Information:
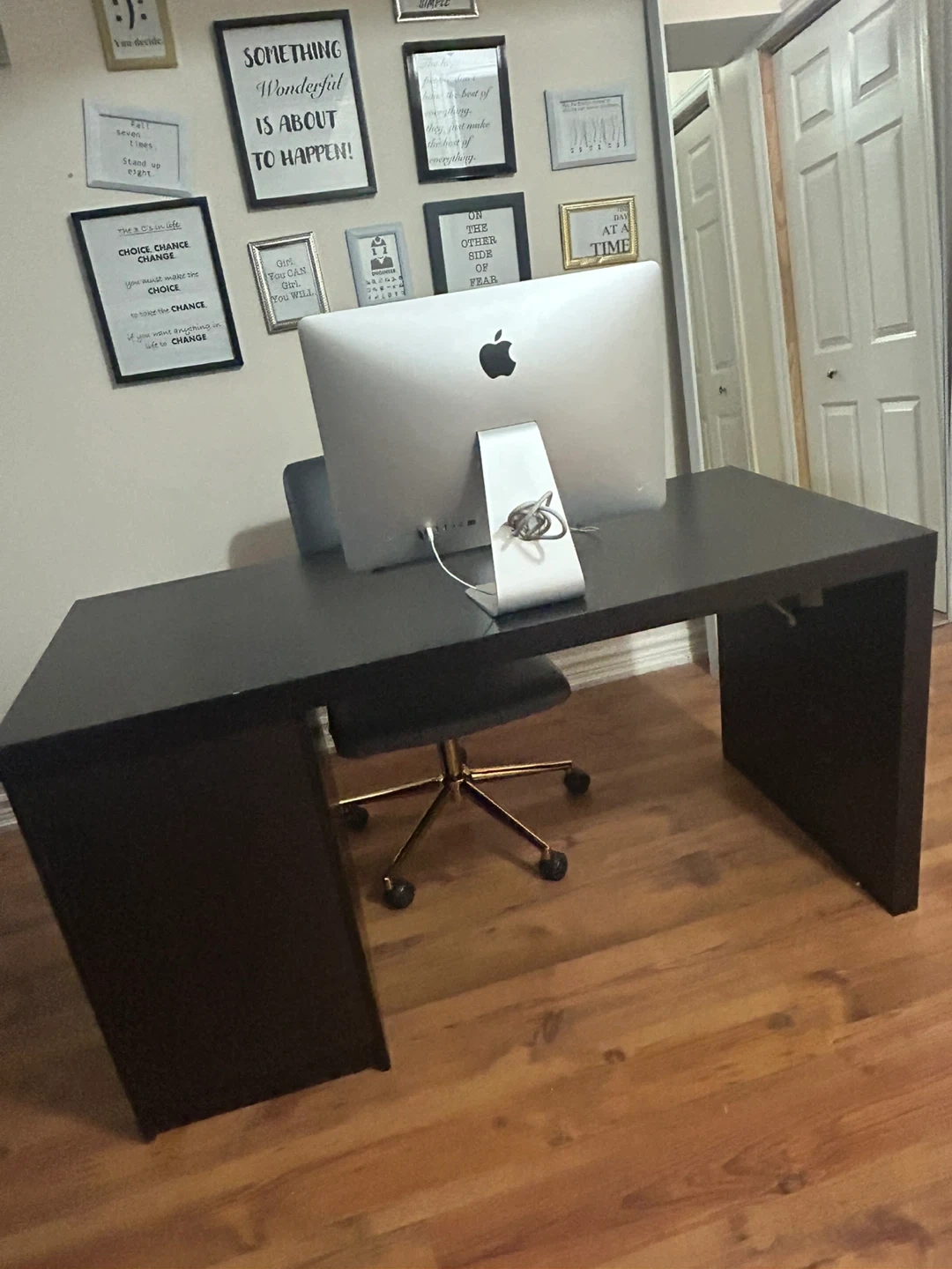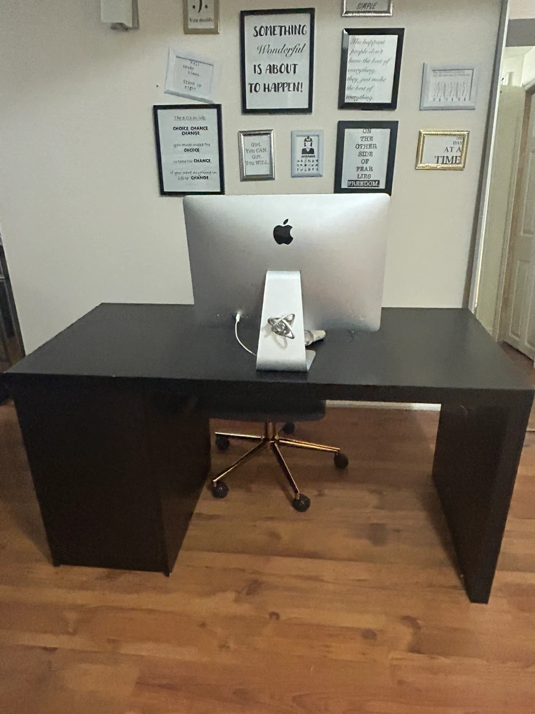 Selling a black desk in great condition! It has a sleek design with built-in drawers for storage. Perfect for a home office or study space! The desk is sturdy and has been well-maintained. Looking for a new home for it!
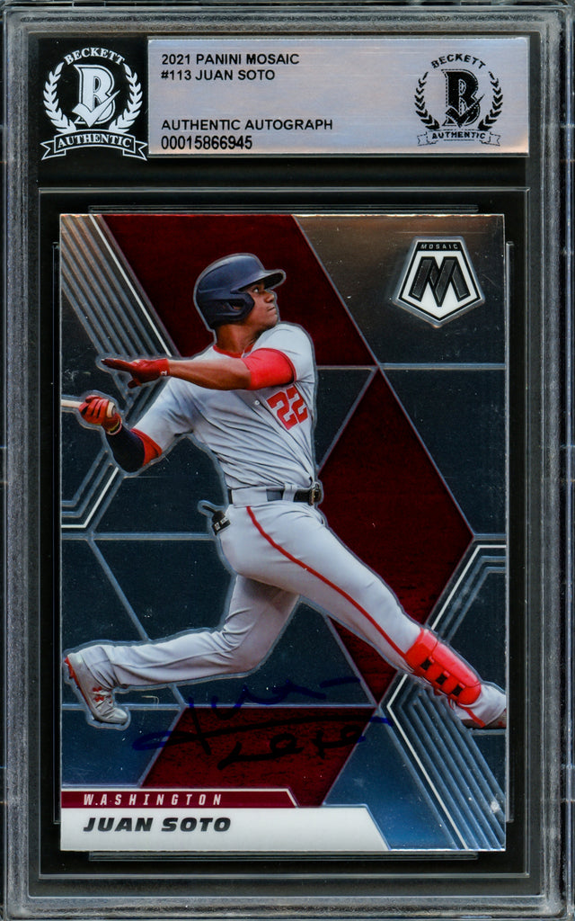Juan Soto Autographed 2021 Panini Mosaic Card #113 New York Mets Beckett BAS #15866945
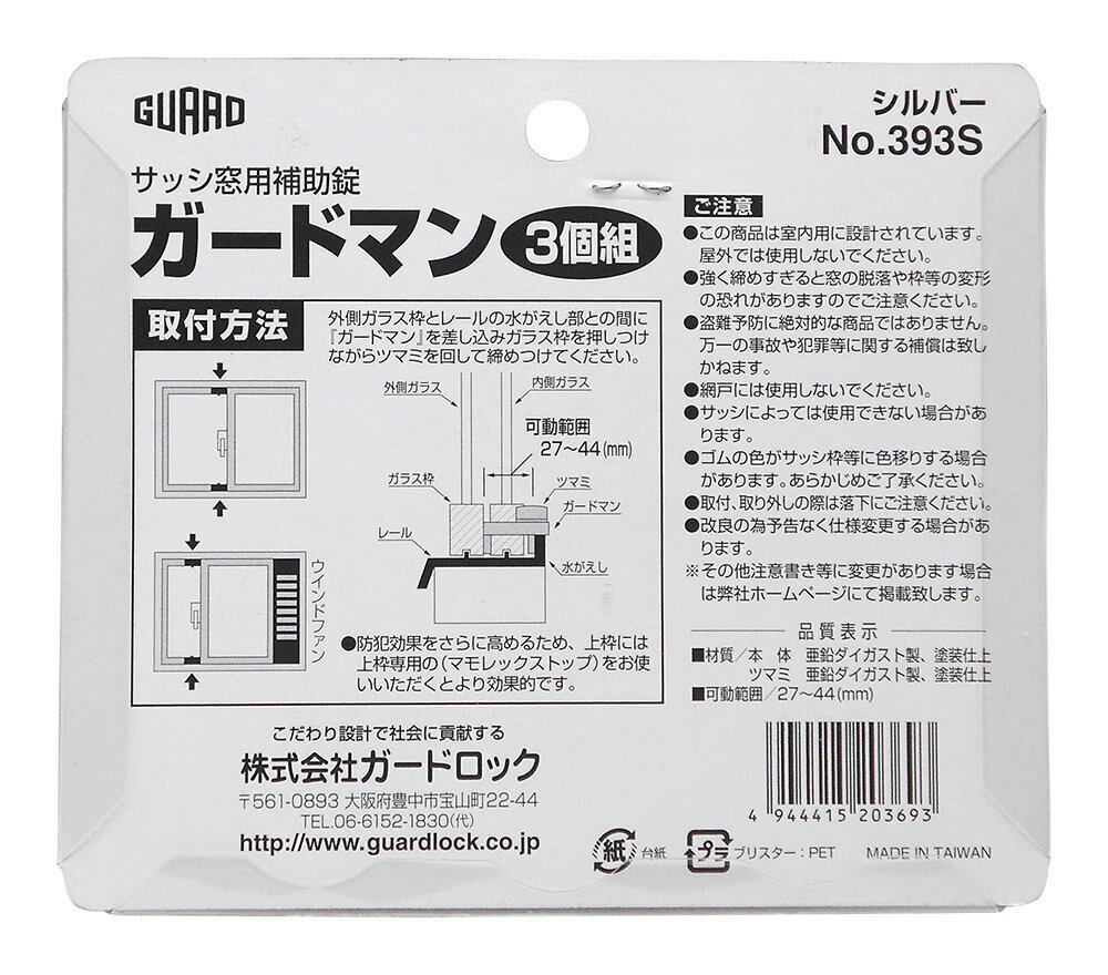 ガードロックサッシ窓用補助錠ガードマン3個組シルバーNo.393S
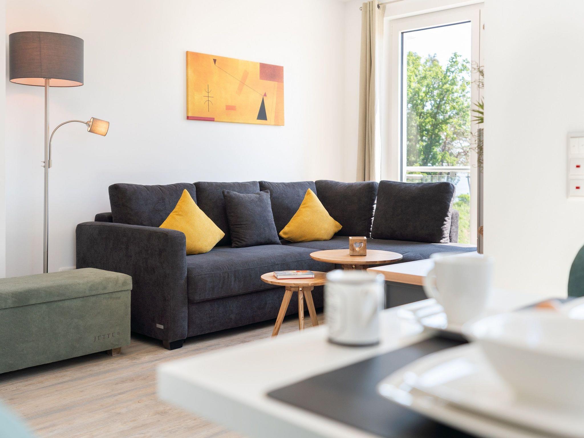 Auf einer Wohnfläche von 61 m² finden drei Erwachsene und ein Kleinkind bis zwei Jahre (im Babybett) in dieser modern eingerichteten Ferienwohnung ausreichend Platz für einen entspannten Urlaub am Stettiner Haff auf Usedom.
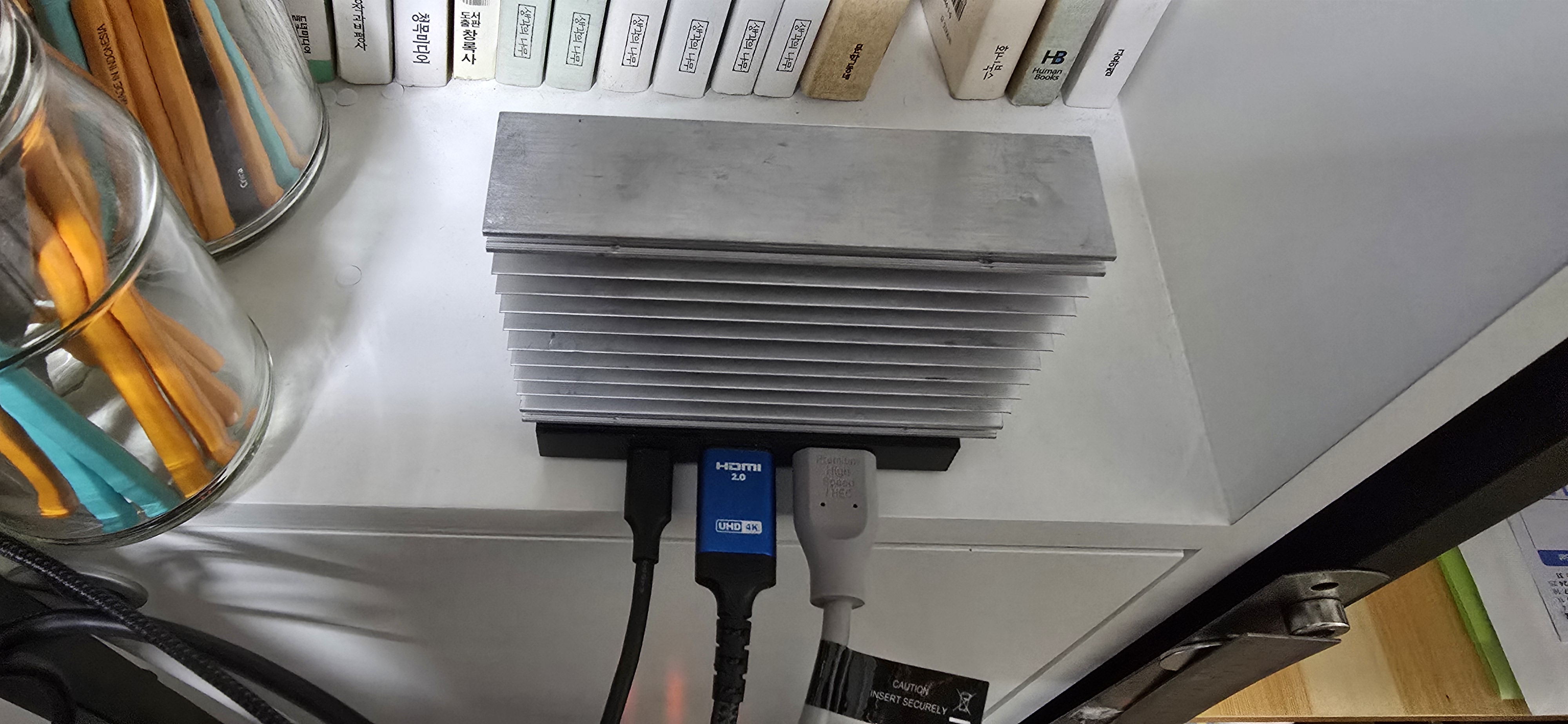 너무 뜨거워서 장비에 무리갈까봐... 방열판으로 대체... 엄첨큰 방열판.....
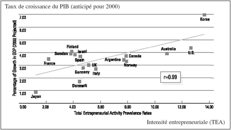 59        Cette mesure du GEM permet aussi de lier activité entrepreneuriale et croissance. Malgré les difficultés d’évaluation et l’imperfection des instruments de mesure, la figure 6, page suivante conduit à soutenir que la moitié de la croissance du PIB en 2000 pour les pays développés de l’échantillon s’explique par l’activité des entrepreneurs (Zacharakis, Bygrave et Sheped 2000). Les travaux récents confortent ainsi l’existence d’un modèle de croissance par le bas, fondé sur une multitude de petites décisions profitables.
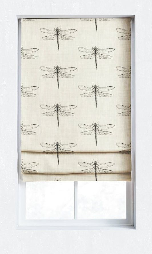 'Cromwell' Dragonfly Print Bespoke Drapery (Black/ White)
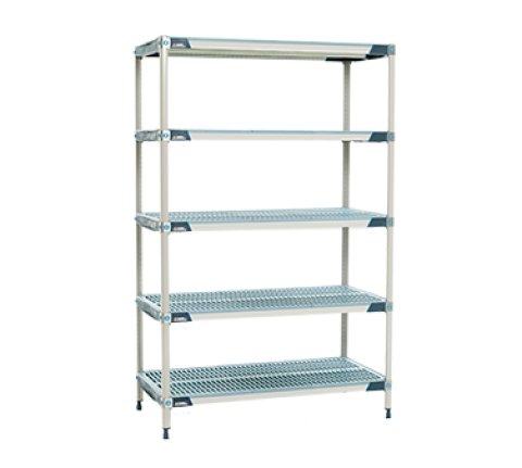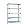 MetroMax® i Starter Shelving Unit, 72"W x 18"D x 74"H, rust proof, 750 lb. capacity per shelf, 2000 lb. capacity per unit, (5) open grid polymer shelves with reinforced type 304 stainless steel corners and removable polymer shelf mats, bag of (4) wedge connectors included with each shelf, (4) polymer posts, Microban antimicrobial product protection, KD, NSF
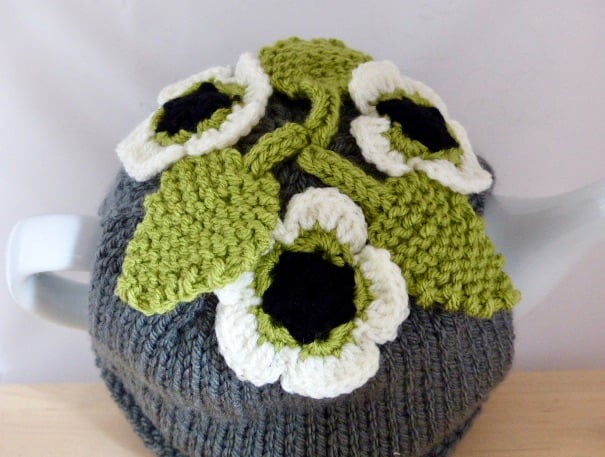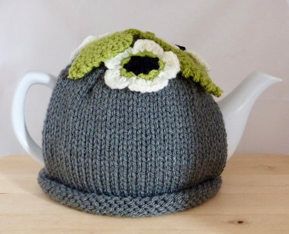 Knitted in a chunky charcoal grey 100% acrylic yarn to fit a standard 4 - 6 cup pot. This cosy should fit a variety of pots as it has plenty of stretch and a roll rim. Trimmed with three crocheted flowers and three knitted leaves this colour way and design would suit most settings. Just pull the cosy over your pot (as it has slits for the handle and spout) to keep your tea warm.
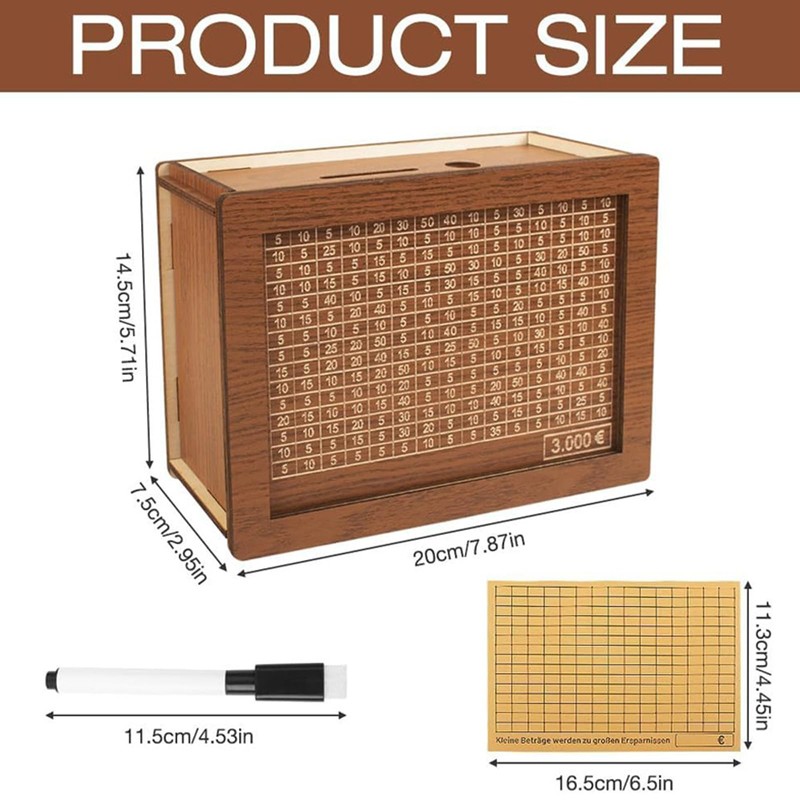 Klabsi Money Box with Number Check, Reusable, Wooden Cash Storage Box with Saving Target, €500 €1,000 €2,000 €3,000 €5,000 €10,000, Gift for Children, Teenagers and Adults
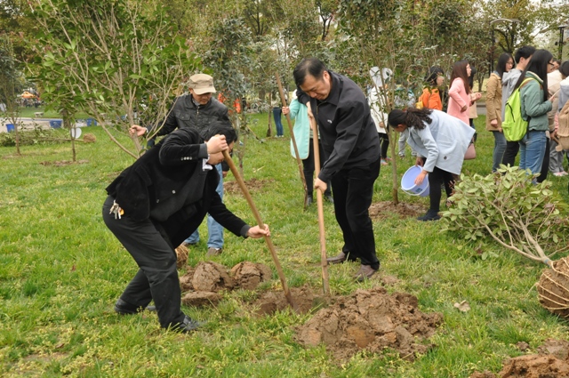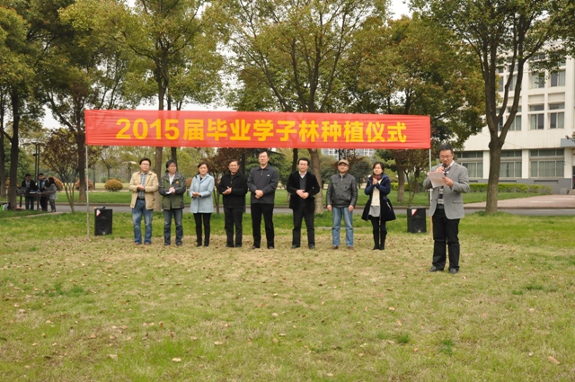 为留下毕业学子成长印记,增进学生与母校之间感情,促进校园绿化建设,4月10日下午,浦口校区举行2015届毕业学子林种植仪式。副院长祝兴成、学工处副处长司南、团委副书记丁莹、后勤处副处长黄大双、保卫处副处长王建宏,相关学院总支书记、学工办主任及200余名毕业生代表参加活动。活动由浦口校区管委会副主任赵俊主持。
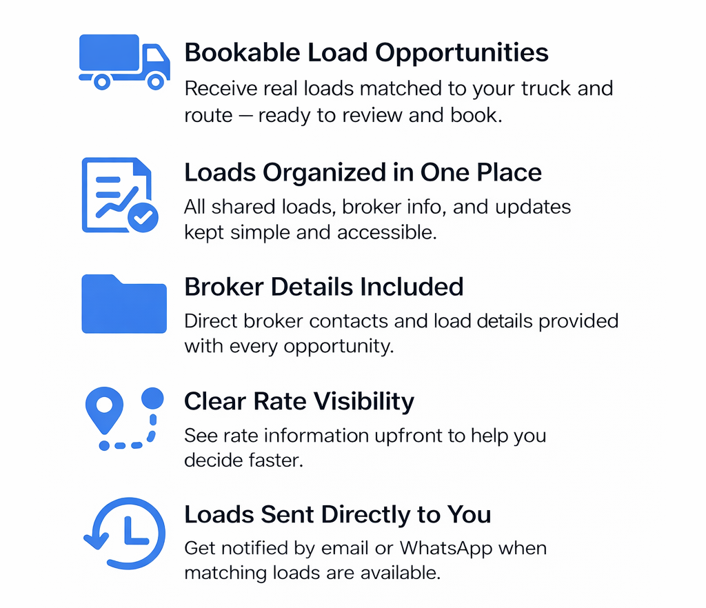 We provide simple access to load opportunities with broker details included, so you can reach out and book loads on your own — without paying for expensive tools or dealing with complex systems. There’s no software to install and no long-term contracts. Just practical load alerts designed to save you time searching and help you stay focused on the road. Get started by registering your truck to receive load alerts.
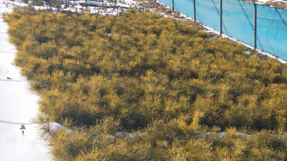 若是家乡人,对“百万亩樟子松植树造林”这样一个词再熟悉不过了,在政策的大力支持和民众的积极配合下,这里的植被覆盖率有了显著地提升。鉴于此,我们探访了其中的一个植树造林园,见到了已经高大挺拔的成树,也看到了在大棚中努力生长的小树,尽管是冬天,却少雪,一眼看去满是充满生机的绿色,心情也为之大好。随后,我们采访到了负责的经理,据他介绍:公司是2011年从这边建了这个基地,到现在累计投了2800万元,占地1030亩地,参与京津风沙源治理为主与外运苗。从2011年到现在,接手了2015年蔡木山乡和大河口乡2800亩地的风沙治理樟子松,大河口乡青龙背村2600亩地。2016年工程量开始增多,前几年的百万亩樟子松使风沙得到了很好的治理,2016年工程量比较大,2016年大河口乡的重点区域绿化,510国道,进京通道累计大概绿化了120公里左右。以前多伦满山都是沙子,沙中找绿,自从百万亩上来以后,风沙治理得到了很大改善,现在是绿中找沙,因为绿化植树造林环境得到了很好的改善,栽树要用工人,苗圃每年大概需要200个工人左右,带动周边农民,以前(他们)是靠在地里劳作挣钱,现在带动他们,最起码一年家里能保证3万元收入。风沙治理这项工作是造福子孙万代,我是土生土长的多伦人,小时候一到春天,满山的黄沙,经过这几年的改善,见不到沙子,见不到沙尘暴了。所以说,(京津风沙源治理)国家投资也大,改善了环境,居民的生活品质得到了提高。这些年的投资,得到了回报。既有收益,又为就业和环境保护贡献了力量。

How to complete this task:
Transcribe exactly the line containing "为留下毕业学子成长印记,增进" and every line after it through the end of the listing above; pictures are not part of the copy.

Task solution:
 为留下毕业学子成长印记,增进学生与母校之间感情,促进校园绿化建设,4月10日下午,浦口校区举行2015届毕业学子林种植仪式。副院长祝兴成、学工处副处长司南、团委副书记丁莹、后勤处副处长黄大双、保卫处副处长王建宏,相关学院总支书记、学工办主任及200余名毕业生代表参加活动。活动由浦口校区管委会副主任赵俊主持。
 We provide simple access to load opportunities with broker details included, so you can reach out and book loads on your own — without paying for expensive tools or dealing with complex systems. There’s no software to install and no long-term contracts. Just practical load alerts designed to save you time searching and help you stay focused on the road. Get started by registering your truck to receive load alerts.
 若是家乡人,对“百万亩樟子松植树造林”这样一个词再熟悉不过了,在政策的大力支持和民众的积极配合下,这里的植被覆盖率有了显著地提升。鉴于此,我们探访了其中的一个植树造林园,见到了已经高大挺拔的成树,也看到了在大棚中努力生长的小树,尽管是冬天,却少雪,一眼看去满是充满生机的绿色,心情也为之大好。随后,我们采访到了负责的经理,据他介绍:公司是2011年从这边建了这个基地,到现在累计投了2800万元,占地1030亩地,参与京津风沙源治理为主与外运苗。从2011年到现在,接手了2015年蔡木山乡和大河口乡2800亩地的风沙治理樟子松,大河口乡青龙背村2600亩地。2016年工程量开始增多,前几年的百万亩樟子松使风沙得到了很好的治理,2016年工程量比较大,2016年大河口乡的重点区域绿化,510国道,进京通道累计大概绿化了120公里左右。以前多伦满山都是沙子,沙中找绿,自从百万亩上来以后,风沙治理得到了很大改善,现在是绿中找沙,因为绿化植树造林环境得到了很好的改善,栽树要用工人,苗圃每年大概需要200个工人左右,带动周边农民,以前(他们)是靠在地里劳作挣钱,现在带动他们,最起码一年家里能保证3万元收入。风沙治理这项工作是造福子孙万代,我是土生土长的多伦人,小时候一到春天,满山的黄沙,经过这几年的改善,见不到沙子,见不到沙尘暴了。所以说,(京津风沙源治理)国家投资也大,改善了环境,居民的生活品质得到了提高。这些年的投资,得到了回报。既有收益,又为就业和环境保护贡献了力量。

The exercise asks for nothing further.